Antivirus was a project I worked on at Black Tesseract. It was a Tron themed procedurally generated FPS where the player took on the role of a program fighting their way through a horde of deadly viruses.
The project was a small team of 10 people. Due to the small size, the team was very aware of what everyone was doing, SCRUMs were held twice weekly and everyone in the team was wearing many hats as far as roles.
My Role:
I was technically labeled as the Lead Designer, but as I stated, I ended up wearing many different hats during the semester. Not only did I program and script multiple systems(such as player interactions and multiple different Enemy behaviors) but I also designed enemies, weapons and even designed the concept of the final boss.
Weapons
Boss Concept
The current final level of Antivirus, Blaster is a central cylinder in the center of a circle room. It had 16 lasers mounted on it in total. As it spins, it fires in patterns to make the player jump off the ground and onto the platforms, or down to the floor, to avoid them. In stage two, the platforms start to spin around Blaster in the opposite direction, and raising and lowering in height as they move. The turrets would also change location, and sometimes be either on the central turret, or on the wall. In Stage three, the floor drops out, leaving the player to have to focus on both navigating the platforms and shooting the remaining weak points lest they fall to their death.

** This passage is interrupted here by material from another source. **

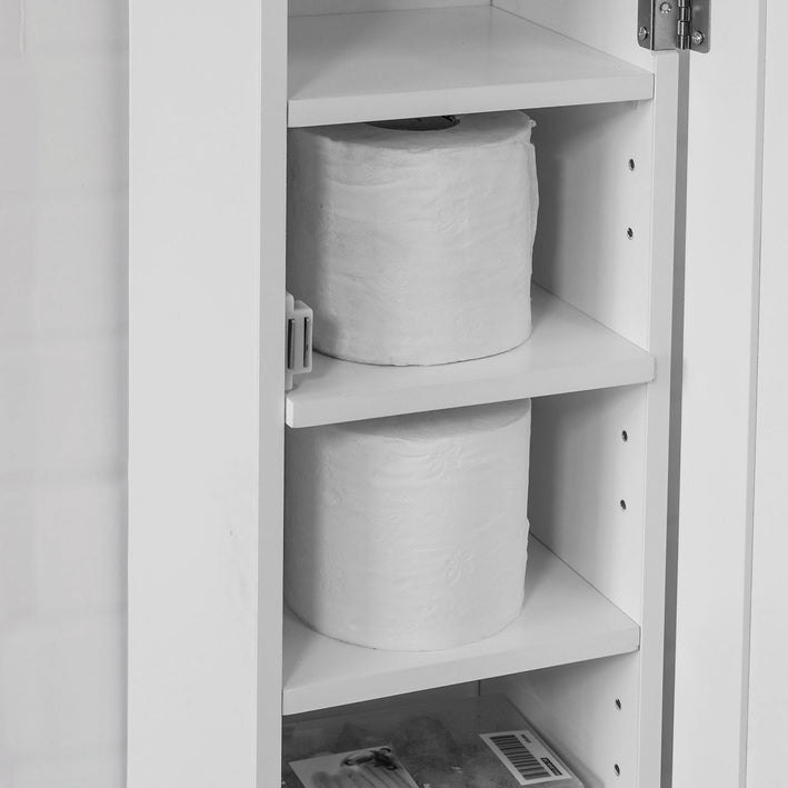 Dit praktische Badkamerkastje is ontworpen om toiletpapier, schoonmaakmiddelen of een toiletborstel efficiënt op te bergen. Het strakke, ruimtebesparende ontwerp maakt hem perfect voor kleine badkamers, terwijl de verstelbare planken aanpasbare opbergoplossingen bieden.

When concepting this Boss, I mainly looked at my experiences with other final bosses throughout my years playing video games. Many of them had multiple stages(Sigma, Megaman X series. Hush, Binding of Isaac) and platforms (Warhead, Vectorman), while others more fresh in my mind were really punishing (Armstrong, Metal Gear Rising.)
Enemies
Hive was an enemy I built, as a small, high health turret spawner. It would spawn up to three kinds of turrets that would be determined by what level the player was on at the time. Unfortunately, I ended up having to scrap two of the turrets and just kept it with the one(pictured right). The hive would spawn turrets by opening up like a crane game claw, then after the turret appeared, would close back up and start building the next one. Pretty sure this idea came from the agitated feeling you get when playing a crane game, pulling up nothing and the claw still moves to drop something down the prize slot.